= Keramos Antimony Mines (Chios) =

The mines of Keramos are 19th and 20th century mines which were located in the northern part of Chios island, Greece and nowadays is out of use. The mines are best known for extracting stibnite ore for antimony production. A number of remnants of these mines (shafts, galleries, surface workshops) are still present in the region.

The location of Keramos was mined in some scale in the mid 19th century but is not clear if it was for metal ore or just a rock mine. Either way, the mines were systematically used in the 1890s when a French metallurgist engineer A. Pelloux assayed the metal ore identity and quality during his vacations. French and Greek companies utilise them for few years each, until 1954.

==History==

The mining activity started in 1897 after a French mining company named "Societe Anonyme des Mines de Keramos" acquired the rights 2 years earlier. The company was owned by Giovanni B. Serpieri 's heirs, the same family that owned Lavrion silver mines.

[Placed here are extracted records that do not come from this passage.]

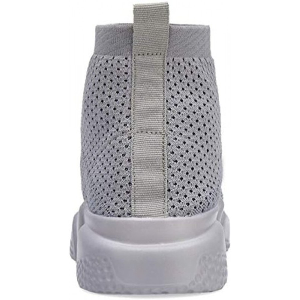 Men's Breathable Knit Slip On Sneakers Lightweight Athletic Casual Sports Shoes High Top All Grey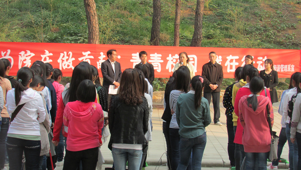 10月28日下午,经济管理系在校园卫生责任区开展“我为院庆做贡献—青青校园、我在行动”现场签名仪式。院党委书记张莉教授,系主任孟广章教授,学工部副部长张富庄老师,团委副书记胡秀云老师出席签名仪式。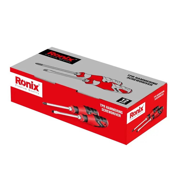 پیچ گوشتی دسته TPR ضربهخور چهارسوی رونیکس مدل RH-2970 با نوک مغناطیسی سختکاریشده و میلهای محکم از جنس آلیاژ کروم وانادیوم تولید میشود تا همراه همیشگی شما بوده و آخرین ابزاری باشد که میخرید!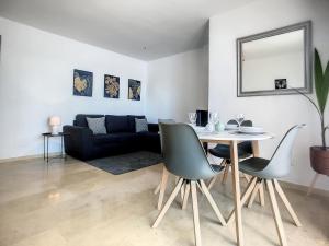 Questo appartamento con aria condizionata comprende 1 camera da letto, un soggiorno, un angolo cottura con utensili, frigorifero e macchina da caffè, e 1 bagno con bidet e asciugacapelli. Asciugamani e lenzuola sono inclusi nei servizi di Duquesa Superb Seafront Apartment Marina Real.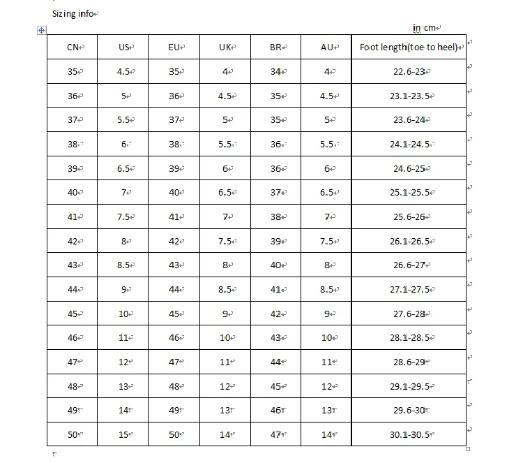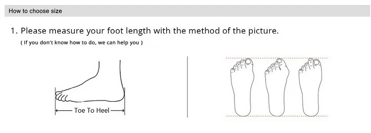 Подсказка: Пожалуйста, выбирайте размер в соответствии с длиной Вашей стопы (от носка до пятки) и таблицей размеров. Спасибо!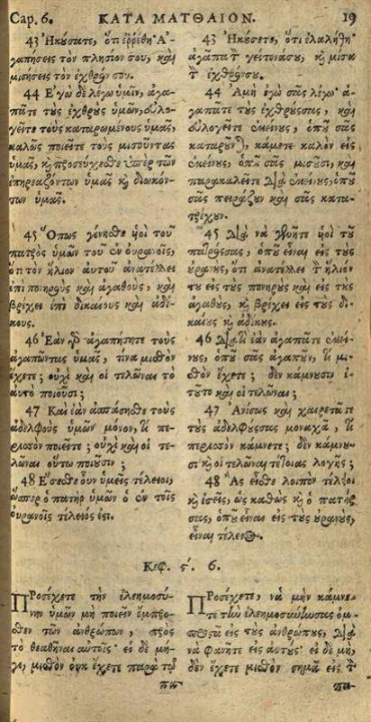 Ἡ Καινὴ Διαθήκη... Δίγλωττος... Τὸ Θεῖον Ἀρχέτυπον... Μετάφρασις εἰς κοινὴν διάλεκτον..., Ἅλλη τῆς Σαξονίας, ἐν τῷ Τυπογραφείῳ τοῦ Ὀρφανοτροφείου, 1710.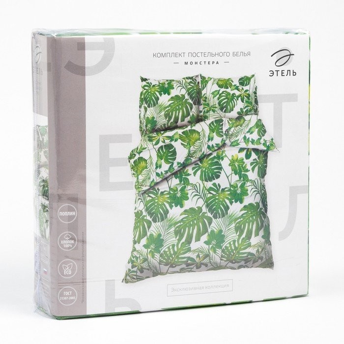 Постельное бельё «Этель» 2 сп., Монстера, размер 175×215 см, 200×220 см, 70×70 см — 2 шт

The man that led that facility was the same man that recommended the stibnite mining, A. Pelloux, and served as general manager until 1908 when the production was judged not viable.

After a 40-year hiatus, in 1949, the mining rights were reassigned by the Greek government to "Greek Mining Companies" (Ελληνικαί Μεταλλευτικαί Επιχειρήσεις) owned by Bodossaki company. That project was part of "Marshall Plan" to revive Greek economy after second world war. but this act was also short lived since the mines were essentially abandoned in 1954.

Ever since structural entities of the mines industrial site were slowly turned to ruins. Greek government gave partially some small extend permits for mining to "Chios Mines Ltd" (Μεταλλεία Χίου Ε.Π.Ε.) between 1954 – 1970 but without any real investment involved the Greek government decided the exception of mining in all Chios with a 1987 law.